== Segment start ==
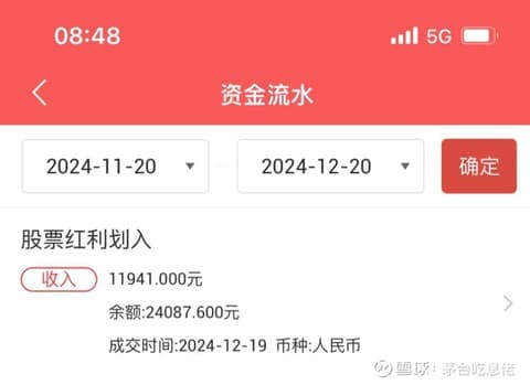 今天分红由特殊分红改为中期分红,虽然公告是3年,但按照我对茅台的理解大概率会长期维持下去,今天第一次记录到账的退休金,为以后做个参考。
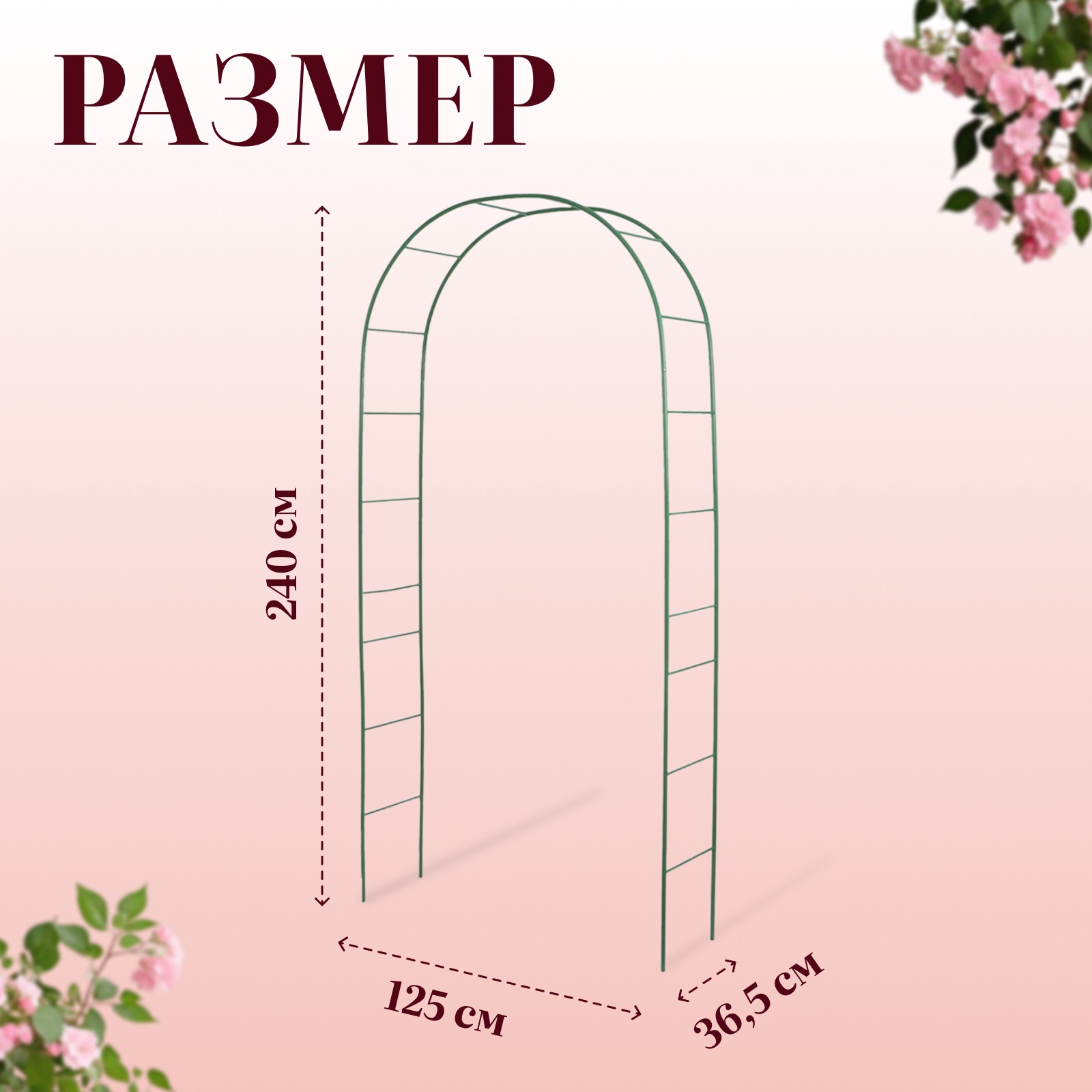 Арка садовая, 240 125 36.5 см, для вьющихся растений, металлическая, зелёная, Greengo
== Segment end ==
== Segment start ==
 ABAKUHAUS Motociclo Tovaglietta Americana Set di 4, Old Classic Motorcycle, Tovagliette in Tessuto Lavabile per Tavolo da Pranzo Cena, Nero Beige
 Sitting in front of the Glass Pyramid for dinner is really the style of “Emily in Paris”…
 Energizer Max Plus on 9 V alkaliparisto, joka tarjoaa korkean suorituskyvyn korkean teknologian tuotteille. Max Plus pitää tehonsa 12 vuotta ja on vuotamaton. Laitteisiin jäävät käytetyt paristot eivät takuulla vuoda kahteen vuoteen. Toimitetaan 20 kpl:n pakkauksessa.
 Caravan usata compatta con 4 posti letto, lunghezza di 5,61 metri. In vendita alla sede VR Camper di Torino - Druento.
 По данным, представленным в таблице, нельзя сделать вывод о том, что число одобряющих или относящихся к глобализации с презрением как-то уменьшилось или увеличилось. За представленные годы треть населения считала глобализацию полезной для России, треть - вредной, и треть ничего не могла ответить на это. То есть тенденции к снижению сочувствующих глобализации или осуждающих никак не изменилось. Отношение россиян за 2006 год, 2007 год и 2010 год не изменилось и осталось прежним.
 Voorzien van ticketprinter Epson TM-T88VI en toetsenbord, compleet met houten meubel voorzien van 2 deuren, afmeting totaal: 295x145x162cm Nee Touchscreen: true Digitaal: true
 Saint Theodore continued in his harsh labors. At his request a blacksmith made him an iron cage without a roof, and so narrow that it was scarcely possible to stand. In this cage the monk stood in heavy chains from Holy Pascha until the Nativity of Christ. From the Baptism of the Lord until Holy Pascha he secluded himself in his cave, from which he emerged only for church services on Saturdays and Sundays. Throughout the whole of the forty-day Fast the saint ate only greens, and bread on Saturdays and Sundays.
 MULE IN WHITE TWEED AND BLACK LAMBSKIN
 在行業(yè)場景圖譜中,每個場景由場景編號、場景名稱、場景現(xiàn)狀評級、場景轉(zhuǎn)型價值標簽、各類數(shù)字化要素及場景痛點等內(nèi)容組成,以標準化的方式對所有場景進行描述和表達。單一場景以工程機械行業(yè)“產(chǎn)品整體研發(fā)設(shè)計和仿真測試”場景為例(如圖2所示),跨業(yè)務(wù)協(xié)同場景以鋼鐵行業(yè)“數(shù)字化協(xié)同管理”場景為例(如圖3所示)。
== Segment end ==
Activity :: Starting with the line with "MULE IN WHITE TWEED AND BLACK LAMBSKIN" above and going on through the line with "在行業(yè)場景圖譜中,每", transcribe every line exactly, both ends included, and add nothing.

Exercise output ::
 MULE IN WHITE TWEED AND BLACK LAMBSKIN
 在行業(yè)場景圖譜中,每個場景由場景編號、場景名稱、場景現(xiàn)狀評級、場景轉(zhuǎn)型價值標簽、各類數(shù)字化要素及場景痛點等內(nèi)容組成,以標準化的方式對所有場景進行描述和表達。單一場景以工程機械行業(yè)“產(chǎn)品整體研發(fā)設(shè)計和仿真測試”場景為例(如圖2所示),跨業(yè)務(wù)協(xié)同場景以鋼鐵行業(yè)“數(shù)字化協(xié)同管理”場景為例(如圖3所示)。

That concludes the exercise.